I bet they didnt notice a bad taste. LOL that everclear can kill anything. :al


----------



## cameroncouch02 (Sep 22, 2005)

carbonbased_al said:


> I went with maybe. I have a few pipes, like it, but much prefer cigars over piping. I'd be a periodic contributer at best, not my usual post whoring self.


Im with virtual. I have a pipe, and have yet to master the technique of smoking it. Its definately harder than a cigar.


----------



## Don Fernando (Jan 1, 2000)

cameroncouch02 said:


> Its definately harder than a cigar.


that's becuse they're usually made from wood, whereas cigars are made from just the leafy parts.


----------



## Scott M (Jan 4, 2005)

celticgent said:


> that's becuse they're usually made from wood...


THAT'S what I'm doing wrong! I'm guessing I also light the TOBACCO INSIDE the pipe, and not the pipe itself, right?

Wondered why all my pipe tobacco tasted like briar.


----------



## IHT (Dec 27, 2003)

how far we've come. this was one of the posts that got _the_ pipe forum started (before we had a pipe forum).
there are a couple other topics started prior to this about people smoking pipes. the oldest topic was by "enyafan" back in '02.

thought i'd dig this one up on my *4 yr Anniv. of joining CS*.
:tu

:bl:bl:bl:bl

edit: sorry, opened the topic back up in case anyone wanted to say if they would post in the pipe forum or not? :tg


----------



## Mad Hatter (Apr 8, 2007)

9-05? No wonder it still smells like cigars in here p


----------



## tzaddi (Feb 24, 2007)

Who are these nay sayers?
Beachmarineguy, Danimal, jgros001, Mad4Maduro, NCatron, pds, pnoon, whodat1 :r


and have they used the forum?


----------



## jgros001 (Jun 14, 2005)

tzaddi said:


> Who are these nay sayers?
> Beachmarineguy, Danimal, jgros001, Mad4Maduro, NCatron, pds, pnoon, whodat1 :r
> 
> and have they used the forum?


Hey, I'm down here now....wouldn't have thunk it two years ago though


----------



## Blaylock-cl (Apr 28, 2006)

IHT said:


> thought i'd dig this one up on my *4 yr Anniv. of joining CS*.
> :tu


:bl Happy Anniversary, Greg! :bl

.


----------



## kvm (Sep 7, 2005)

Nice bump Greg. Did I read that right? Smitty said maybe.


----------



## tzaddi (Feb 24, 2007)

Blake Lockhart said:


> :bl Happy Anniversary, Greg! :bl
> 
> .


Good call Blake, yes Greg, thanks for keeping it together. :bl


----------



## dayplanner (Dec 11, 1997)

kvm said:


> Nice bump Greg. Did I read that right? Smitty said maybe.

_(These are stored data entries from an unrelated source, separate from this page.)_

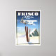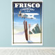 Frisco Colorado USA travel poster of a vintage old prop plane flying low over mountains.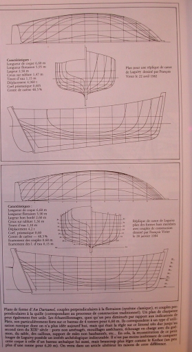 Dans : 'Des Paimpolais en Iroise, A Durzunel, la renaissance d'un canot loguivien'/ Clochon, Jean-Pierre, Le Chasse-Marée n° 20, Douarnenez : Editions Le Chasse-Marée/Armen, 1985, p. 70.Plan.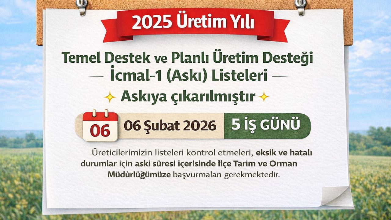 Bilecik Tarım ve Orman Müdürlüğü tarafından yapılan duyuruya göre, 2025 Üretim Yılı Temel Destek ve Planlı Üretim Desteği İcmal-1 (Askı) Listeleri, 6 Şubat 2026 tarihi itibarıyla askıya çıkarıldı.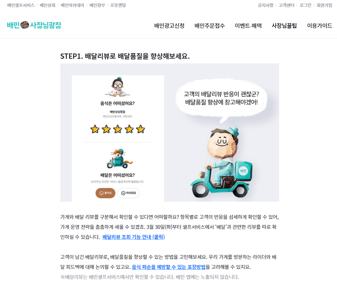 배달의 민족에서 많은 고객들을 끌어들이는 방법 중 하나는 좋은 리뷰를 많이 쌓는 것이죠. 리뷰를 잘 관리하는 방법에 대해서도 배민 사장님 광장 '사장님 꿀팁'에 나와있으니 참고하시면 좋을 듯합니다.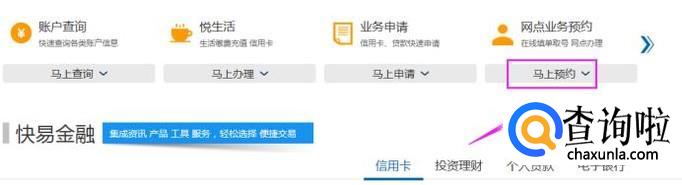我们看到“网点业务”点击“马上预约”那三角形,如图。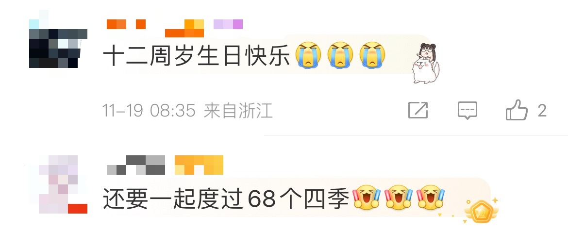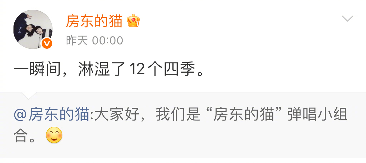 谁允许房猫用callback来催泪的竟然在12周年这天把12年前的第一条微博捞出来了,“一瞬间,淋湿了12个四季”这句更是在放大招,就问是不是眼泪流下了所以淋湿了!看到评论区整整齐齐的祝福更是恍惚,怎么这么快就12年了,我们弹唱小组合请大胆往前走,继续陪大家走过更多四季好吗!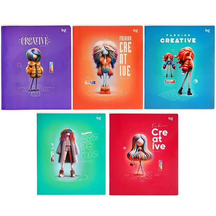 Тетрадь 60 листов, в клетку, на скобе, Fashion creative, обложка мелованный картон, глянцевая ламинация, МИКС

I did! Kinda funny looking back, as now I spend most of my CS time in the pipe boards p


----------



## motortown (Jan 14, 2004)

*Way to go, Greg!!!!! Thanks again for all of the help and hard work, online and off!!!* :tu :tu


----------



## tecnorobo (Mar 29, 2005)

carbonbased_al said:


> I did! Kinda funny looking back, as now I spend most of my CS time in the pipe boards p


yes... and i resent you for it.
I don't see you anymore. I'm lost without my joe time.


----------